Task details -> Leave the pictures aside. Retype exactly the lines from the top of the data below through the one holding "Die Stadt Saarburg".

------ Dataset content

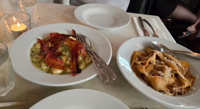 Back at Sagra today before we fly to Shanghai on Saturday. Gnocchi and pappardalle were delicious!
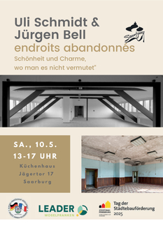 Die Stadt Saarburg und die Deutsch-Französische Gesellschaft Saarburg laden zur Vernissage der Fotoausstellung "Endroits abandonnés - Schönheit und Charme, wo man es nicht vermutet“ ein. Die Ausstellung wird erstmals am Tag des Städtebaus, am 10. Mai, von 13 bis 17 Uhr, in den Räumlichkeiten des neu gestalteten Küchenhauses im Bereich der früheren Kaserne de Lattre präsentiert. Interessierte sind herzlich eingeladen, an der Vernissage ab 13 Uhr teilzunehmen und die Werke der beiden Künstler Uli Schmidt und Jürgen Bell zu entdecken. Beide Künstler freuen sich auf einen anregenden Austausch mit den Gästen.
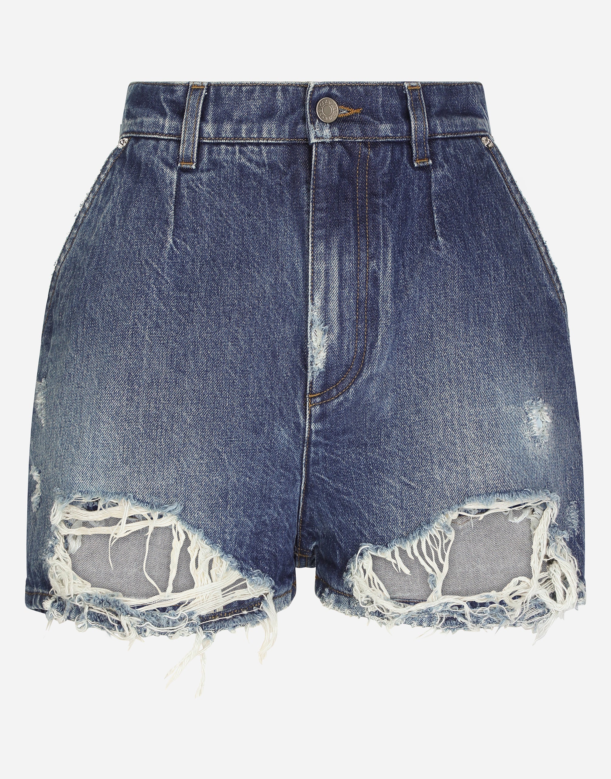 These comfortable, high-waisted shorts come in deep blue denim and represent a contemporary take on a great summer classic. The fringing and maxi-rips will add boldness to your looks. • High-waisted • Slant front pockets • Back patch pockets • Branded metal and leather plate • Inner leg. 4 cm • Curved hem. 31.8 cm • Zipper and branded metal button fastening • The model is 175 cm tall and wears a size IT 40 • Made in Italy
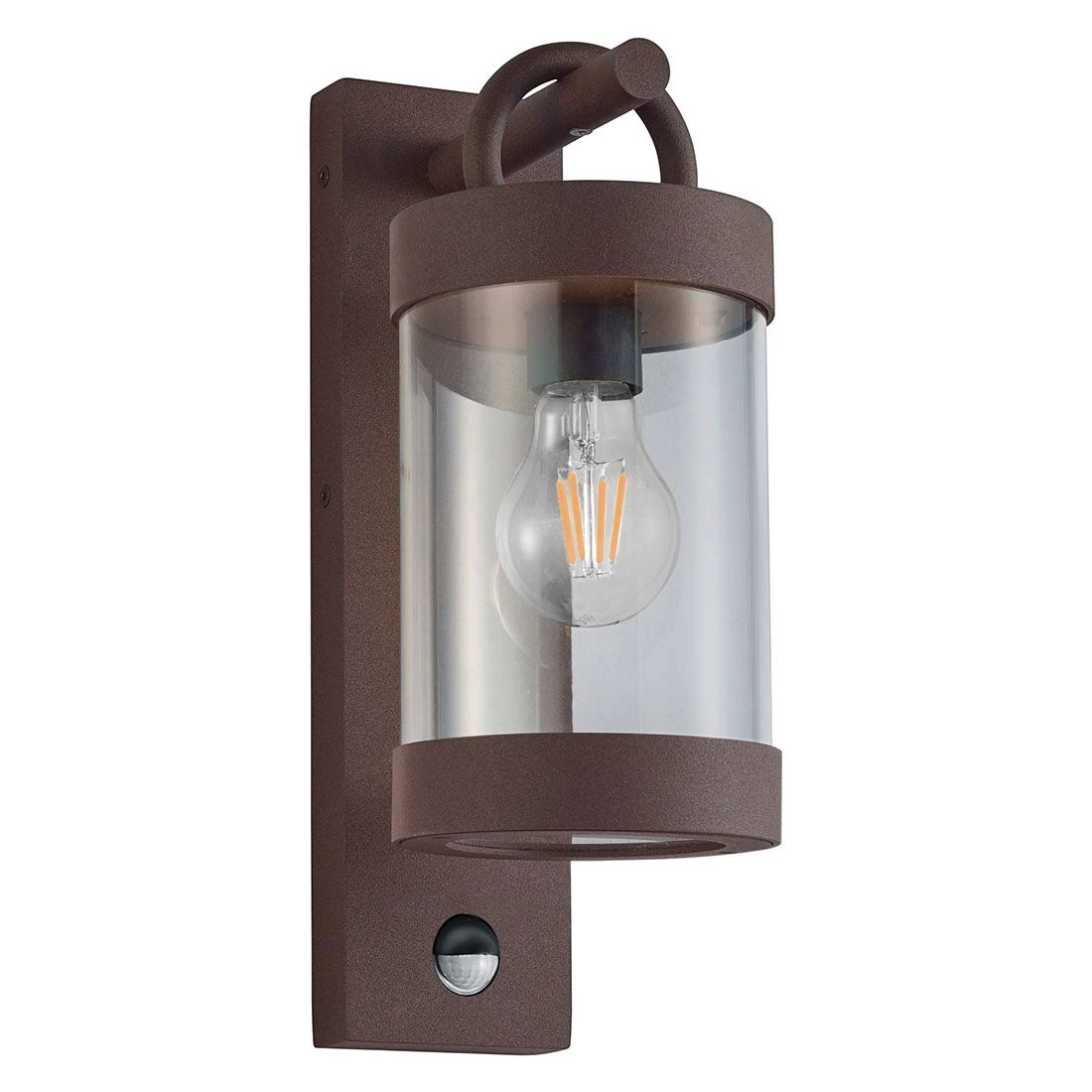 Die Trio Wandleuchte ist aus wetterbeständigem Aluminium-Druckguss gefertigt und in der Farbe Rost gehalten. Dadurch erhält sie eine überaus geschmackvolle Vintage-Optik. Unterhalb des Leuchtkörpers befindet sich der praktische Bewegungsmelder (120 ° Erfassungswinkel auf max. 9 m). Durch diesen schaltet sich das Licht automatisch ein und aus. Ihr Vorteil: In die E27-Fassung können Sie ein zu Ihrem Geschmack passendes Leuchtmittel einsetzen (max. 28 W, nicht im Lieferumfang enthalten) und so die Helligkeit und Farbtemperatur selbst bestimmen.

------------

Finished task ->
 Back at Sagra today before we fly to Shanghai on Saturday. Gnocchi and pappardalle were delicious!
 Die Stadt Saarburg und die Deutsch-Französische Gesellschaft Saarburg laden zur Vernissage der Fotoausstellung "Endroits abandonnés - Schönheit und Charme, wo man es nicht vermutet“ ein. Die Ausstellung wird erstmals am Tag des Städtebaus, am 10. Mai, von 13 bis 17 Uhr, in den Räumlichkeiten des neu gestalteten Küchenhauses im Bereich der früheren Kaserne de Lattre präsentiert. Interessierte sind herzlich eingeladen, an der Vernissage ab 13 Uhr teilzunehmen und die Werke der beiden Künstler Uli Schmidt und Jürgen Bell zu entdecken. Beide Künstler freuen sich auf einen anregenden Austausch mit den Gästen.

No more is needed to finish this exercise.